By the time I stood stiffly onto the mounting block by the front stoop, the elderly Negro coachman had already materialized to take the reins, while Elmira Royster stood behind the screen door, holding the visiting card I had hastily sent ahead the day before.

Shifting from foot to foot in order to restore feeling and movement to my legs, I noted her dress, which was the same as at our previous meeting, or one just like it. Already I could smell violet.

“Dr. Chivahs. I am evah so surprised.”

“Forgive me, ma’am, for arriving without due notice. I left Baltimore in some haste.”

“You look peaked, suh, you appear right consumptive. I declare, when is the last time you have eaten?”

“Eating is out of the question. On this occasion it is I who am in terrible distress.”

“Then you are most welcome to come in, suh. Will you take another glass of whiskey on this occasion?”

“I certainly shall.”

I followed her down the hall—mesmerized by the swing of her body beneath her dress—and into the drawing room, while wondering why the devil I had come, what did I expect? After the constable’s visit I had acted with the instinct of a trapped animal and fled—but by what logic did I expect Elmira Royster to be of assistance to me, a woman who seemed seldom in her right mind herself?

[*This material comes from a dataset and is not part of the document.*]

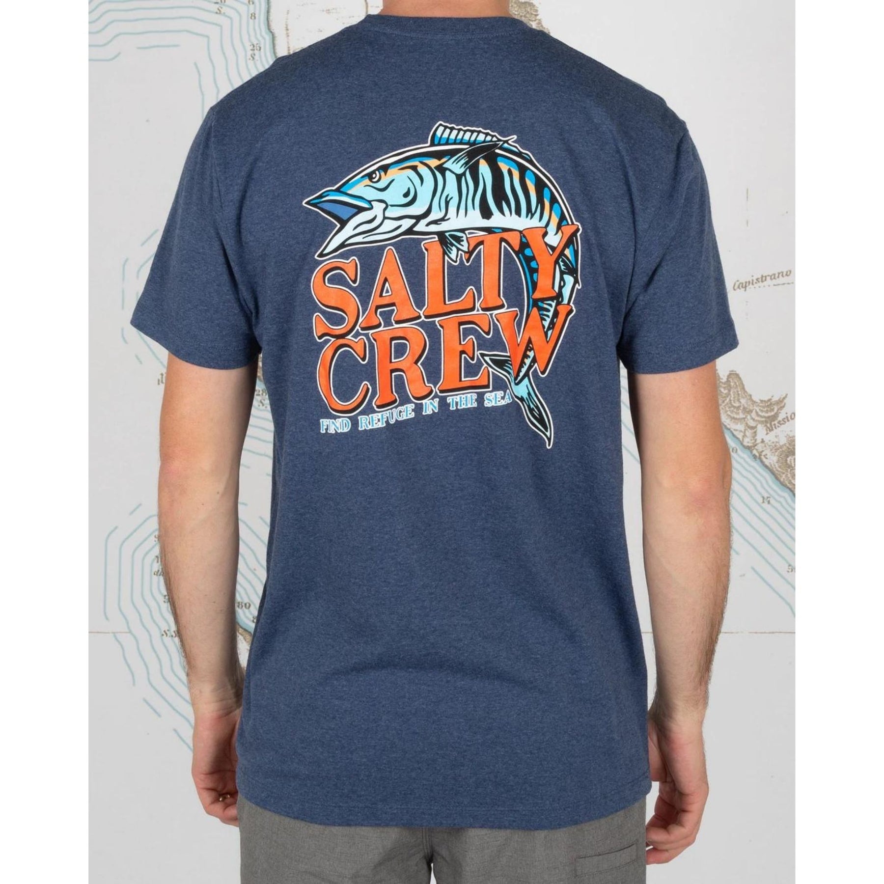 60% cotton and 40% polyester. Featuring custom Salty Crew screen print on the front and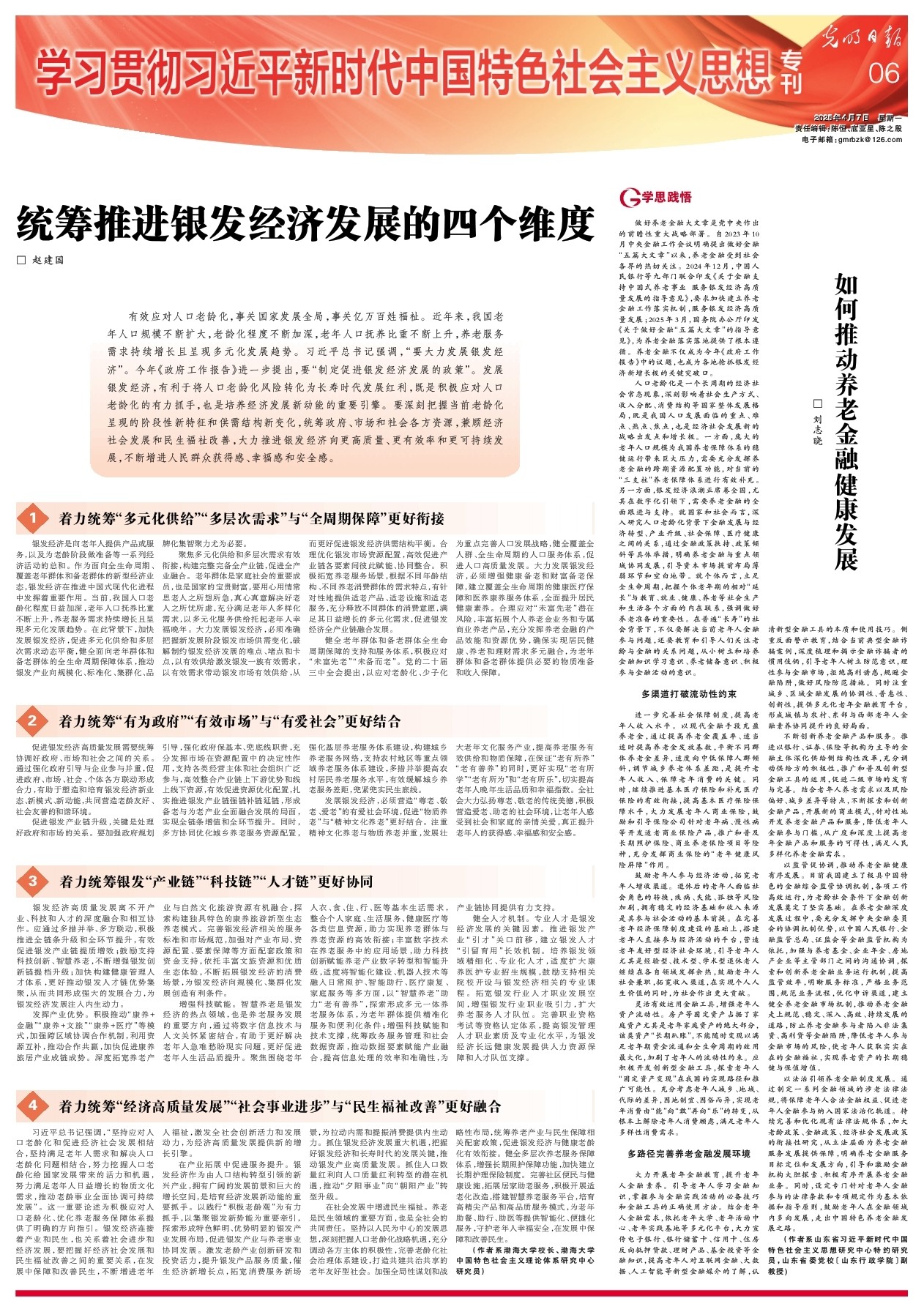 习近平总书记强调,“坚持应对人口老龄化和促进经济社会发展相结合,坚持满足老年人需求和解决人口老龄化问题相结合,努力挖掘人口老龄化给国家发展带来的活力和机遇,努力满足老年人日益增长的物质文化需求,推动老龄事业全面协调可持续发展”。这一重要论述为积极应对人口老龄化、优化养老服务保障体系提供了明确的方向指引。银发经济连接着产业和民生,也关系着社会进步和经济发展,要把握好经济社会发展和民生福祉改善之间的重要关系,在发展中保障和改善民生,不断增进老年人福祉,激发全社会创新活力和发展动力,为经济高质量发展提供新的增长引擎。

Or did I seize on this new emergency as an opportunity to act upon my aching desire for her, an ever-present pressure like a fist beneath the sternum, pressing on the
Rectis Abdominus
so that the taking of food became an absurdity?

In my wretched state, one thing remained self-evident:
Somehow Eddie Poe must be stopped
. The sentence roared in the mind, and to this end Elmira Royster was my only lead, being in written contact with the scoundrel.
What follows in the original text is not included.